ここで経路 A と同じ bootstrap を、admin ユーザーで一度だけ走らせます。拡張を先に作っておけば、ランタイムは昇格した権限を持たずに済みます。パスワードは上で生成した $DB_PASSWORD です。

cloud-sql-proxy $PROJECT_ID:$REGION:ochakai --port 55432 &
psql "host=localhost port=55432 dbname=ochakai user=ochakai"

psql の中で、次を実行します。<PROJECT_ID> は自分のプロジェクト ID に置き換えてください。
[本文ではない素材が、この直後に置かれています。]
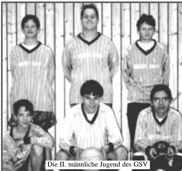
Die II. männliche Jugend des GSV

Niveau größtenteils recht hoch, so daß die Mannschaft des GSV noch oftmals überfordert wirkte. Ein Platz im Mittelfeld stellte die Erwartungen der Spartenführung aber zufrieden. Die Aussichten für die Zukunft dieser Mannschaft sind ebenfalls nicht schlecht, da die meisten der Mädchen vor 2 Jahren noch gar nicht wußten, was Faustball ist.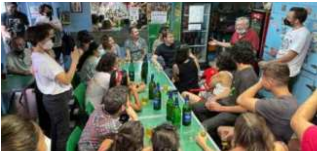
7. Espacios de ocio y encuentro Los bares son patrimonio, Santiago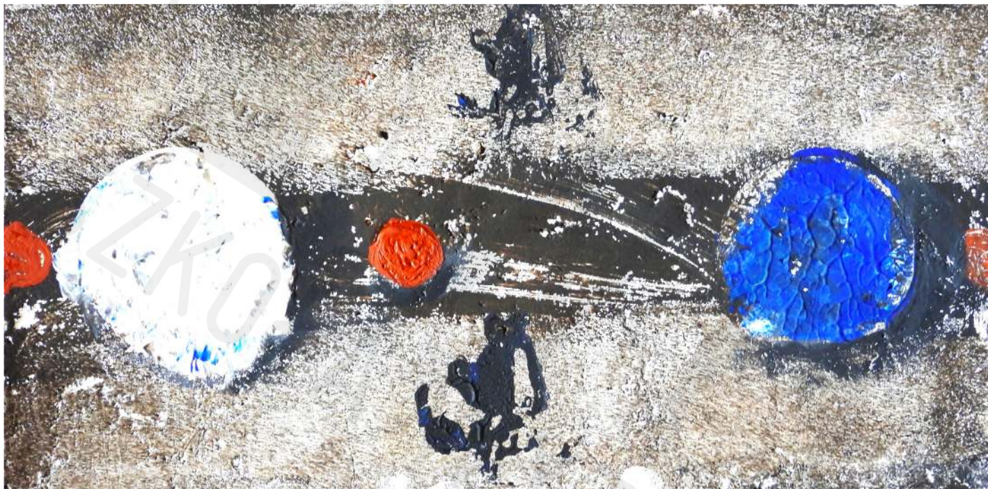
Koperta 30 korek, akryl Envelope 30 cork, acrylic 15 x 30 cm 2022

CREATE EXTENSION IF NOT EXISTS pg_trgm;
CREATE EXTENSION IF NOT EXISTS vector;
-- vector は §5 のセマンティック検索用。Cloud SQL の pgvector は
-- trusted extension ではないため、admin が作る

GRANT USAGE, CREATE ON SCHEMA public TO "ochakai-run@<PROJECT_ID>.iam";
GRANT ALL ON ALL TABLES IN SCHEMA public TO "ochakai-run@<PROJECT_ID>.iam";
GRANT ALL ON ALL SEQUENCES IN SCHEMA public TO "ochakai-run@<PROJECT_ID>.iam";
ALTER DEFAULT PRIVILEGES IN SCHEMA public GRANT ALL ON TABLES TO "ochakai-run@<PROJECT_ID>.iam";
ALTER DEFAULT PRIVILEGES IN SCHEMA public GRANT ALL ON SEQUENCES TO "ochakai-run@<PROJECT_ID>.iam";

残りはデプロイです。

# デプロイして、組織に invoke を許可する
gcloud run deploy ochakai \
  --image=$IMAGE \
  --region=$REGION \
  --service-account=$SERVICE_ACCOUNT \
  --no-allow-unauthenticated \
  --min-instances=0 --max-instances=1 \
  --cpu=1 --memory=512Mi \
  --add-cloudsql-instances=$PROJECT_ID:$REGION:ochakai \
  --set-env-vars="OCHAKAI_DB_IAM_AUTH=true" \
  --set-env-vars="OCHAKAI_DATABASE_URL=postgres:///ochakai?host=/cloudsql/$PROJECT_ID:$REGION:ochakai&user=$DB_SA_USER"
gcloud run services add-iam-policy-binding ochakai --region=$REGION \
  --member=domain:your-org.example --role=roles/run.invoker

# セマンティック検索(日本語のベースなら特に推奨。詳しくは §5)
gcloud services enable aiplatform.googleapis.com
gcloud projects add-iam-policy-binding $PROJECT_ID \
  --member=serviceAccount:$SERVICE_ACCOUNT --role=roles/aiplatform.user

export OCHAKAI_URL=$(gcloud run services describe ochakai --region=$REGION --format='value(status.url)')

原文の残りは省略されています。